Unnamed: 0,text,sentiment
0,"For a movie that gets no respect there sure are a lot of memorable quotes listed for this gem. Imagine a movie where Joe Piscopo is actually funny! Maureen Stapleton is a scene stealer. The Moroni character is an absolute scream. Watch for Alan ""The Skipper"" Hale jr. as a police Sgt.",pos
1,"Bizarre horror movie filled with famous faces but stolen by Cristina Raines (later of TV's ""Flamingo Road"") as a pretty but somewhat unstable model with a gummy smile who is slated to pay for her attempted suicides by guarding the Gateway to Hell!
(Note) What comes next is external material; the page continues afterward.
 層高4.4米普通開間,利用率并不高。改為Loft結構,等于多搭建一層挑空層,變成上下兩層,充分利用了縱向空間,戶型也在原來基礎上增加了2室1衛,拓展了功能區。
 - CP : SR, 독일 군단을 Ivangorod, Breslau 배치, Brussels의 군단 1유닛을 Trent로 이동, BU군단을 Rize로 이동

The scenes with Raines modeling are very well captured, the mood music is perfect, Deborah Raffin is charming as Cristina's pal, but when Raines moves into a creepy Brooklyn Heights brownstone (inhabited by a blind priest on the top floor), things ...",pos
2,"A solid, if unremarkable film. Matthau, as Einstein, was wonderful. My favorite part, and the only thing that would make me go out of my way to see this again, was the wonderful scene with the physicists playing badmitton, I loved the sweaters and the conversation while they waited for Robbins to retrieve the birdie.",pos
3,"It's a strange feeling to sit alone in a theater occupied by parents and their rollicking kids. I felt like instead of a movie ticket, I should have been given a NAMBLA membership.<br /><br />Based upon Thomas Rockwell's respected Book, How To Eat Fried Worms starts like any children's story: moving to a new town. The new kid, fifth grader Billy Forrester was once popular, but has to start anew. Making friends is never easy, especially when the only prospect is Poindexter Adam. Or Erica, who...",pos
4,"You probably all already know this by now, but 5 additional episodes never aired can be viewed on ABC.com I've watched a lot of television over the years and this is possibly my favorite show, ever. It's a crime that this beautifully written and acted show was canceled. The actors that played Laura, Whit, Carlos, Mae, Damian, Anya and omg, Steven Caseman - are all incredible and so natural in those roles. Even the kids are great. Wonderful show. So sad that it's gone. Of course I wonder abou...",pos


In [8]:
print('train shape:', train.shape)
print('test  shape:', test.shape)

train shape: (25000, 2)
test  shape: (25000, 2)


In [9]:
# Statics on tags
train['sentiment'].value_counts()

pos    12500
neg    12500
Name: sentiment, dtype: int64

## Preprocessing

### Tokenization and Normalization

In [1]:
import nltk
import string

In [10]:
transtbl = str.maketrans(string.punctuation, ' ' * len(string.punctuation))
stopwords = nltk.corpus.stopwords.words('english')
lemmatizer = nltk.WordNetLemmatizer()

In [11]:
def preprocessing(line: str) -> str:
    """
    Take a text input and return the preprocessed string.
    i.e.: preprocessed tokens concatenated by whitespace
    """
    line = line.replace('<br />', '').translate(transtbl)
    
    # list
    tokens = [lemmatizer.lemmatize(t.lower(),'v')  #这个‘v'指的是verb
              for t in nltk.word_tokenize(line)   ##也可以写成line.split()
              if t.lower() not in stopwords]
    
    return ' '.join(tokens)

In [19]:
nltk.download('words')

[nltk_data] Downloading package words to /Users/liuxin/nltk_data...
[nltk_data]   Package words is already up-to-date!


True

In [12]:
from tqdm._tqdm_notebook import tqdm_notebook
tqdm_notebook.pandas()

In [13]:
for df in train, test:
    df['text_prep'] = df['text'].progress_apply(preprocessing)

HBox(children=(FloatProgress(value=0.0, max=25000.0), HTML(value='')))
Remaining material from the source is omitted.